**DATA SHOWN**.

++++

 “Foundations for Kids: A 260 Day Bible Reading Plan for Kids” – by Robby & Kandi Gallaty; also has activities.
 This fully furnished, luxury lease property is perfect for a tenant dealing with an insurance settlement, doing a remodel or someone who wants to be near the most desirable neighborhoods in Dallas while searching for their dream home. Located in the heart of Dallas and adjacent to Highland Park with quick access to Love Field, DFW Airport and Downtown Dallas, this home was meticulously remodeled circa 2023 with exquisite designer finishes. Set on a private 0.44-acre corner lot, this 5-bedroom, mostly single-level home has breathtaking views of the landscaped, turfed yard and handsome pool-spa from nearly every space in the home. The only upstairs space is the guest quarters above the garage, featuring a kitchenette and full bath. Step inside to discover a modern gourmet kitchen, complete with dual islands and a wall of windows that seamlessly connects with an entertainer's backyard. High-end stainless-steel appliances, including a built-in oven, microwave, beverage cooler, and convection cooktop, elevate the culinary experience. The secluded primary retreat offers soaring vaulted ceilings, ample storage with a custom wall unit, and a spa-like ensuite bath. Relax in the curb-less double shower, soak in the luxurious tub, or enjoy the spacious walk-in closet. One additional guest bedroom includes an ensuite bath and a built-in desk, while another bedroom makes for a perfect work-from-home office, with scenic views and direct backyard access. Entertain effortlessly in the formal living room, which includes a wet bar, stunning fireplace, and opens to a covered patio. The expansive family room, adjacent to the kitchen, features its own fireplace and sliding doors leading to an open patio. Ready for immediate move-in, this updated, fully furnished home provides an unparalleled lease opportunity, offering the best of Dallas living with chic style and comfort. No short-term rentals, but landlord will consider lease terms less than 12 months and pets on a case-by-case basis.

++++

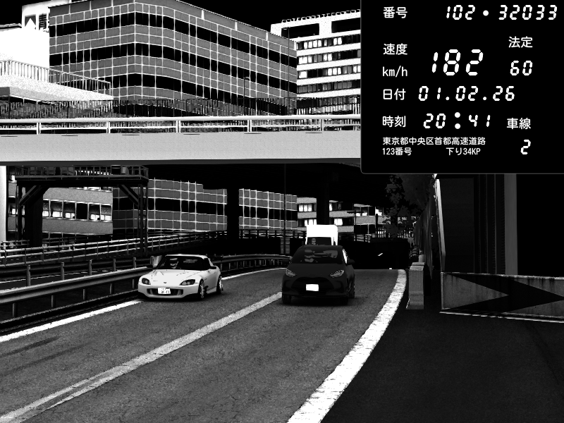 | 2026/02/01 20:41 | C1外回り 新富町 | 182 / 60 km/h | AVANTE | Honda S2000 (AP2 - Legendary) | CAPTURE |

++++

**BRIEF**. Each line in the entries above, starting at the line with "also has activities." and ending at the line with "This fully furnished, luxury", is to be printed exactly, and only those lines.

**RESULT OF THE EXERCISE**.
 “Foundations for Kids: A 260 Day Bible Reading Plan for Kids” – by Robby & Kandi Gallaty; also has activities.
 This fully furnished, luxury lease property is perfect for a tenant dealing with an insurance settlement, doing a remodel or someone who wants to be near the most desirable neighborhoods in Dallas while searching for their dream home. Located in the heart of Dallas and adjacent to Highland Park with quick access to Love Field, DFW Airport and Downtown Dallas, this home was meticulously remodeled circa 2023 with exquisite designer finishes. Set on a private 0.44-acre corner lot, this 5-bedroom, mostly single-level home has breathtaking views of the landscaped, turfed yard and handsome pool-spa from nearly every space in the home. The only upstairs space is the guest quarters above the garage, featuring a kitchenette and full bath. Step inside to discover a modern gourmet kitchen, complete with dual islands and a wall of windows that seamlessly connects with an entertainer's backyard. High-end stainless-steel appliances, including a built-in oven, microwave, beverage cooler, and convection cooktop, elevate the culinary experience. The secluded primary retreat offers soaring vaulted ceilings, ample storage with a custom wall unit, and a spa-like ensuite bath. Relax in the curb-less double shower, soak in the luxurious tub, or enjoy the spacious walk-in closet. One additional guest bedroom includes an ensuite bath and a built-in desk, while another bedroom makes for a perfect work-from-home office, with scenic views and direct backyard access. Entertain effortlessly in the formal living room, which includes a wet bar, stunning fireplace, and opens to a covered patio. The expansive family room, adjacent to the kitchen, features its own fireplace and sliding doors leading to an open patio. Ready for immediate move-in, this updated, fully furnished home provides an unparalleled lease opportunity, offering the best of Dallas living with chic style and comfort. No short-term rentals, but landlord will consider lease terms less than 12 months and pets on a case-by-case basis.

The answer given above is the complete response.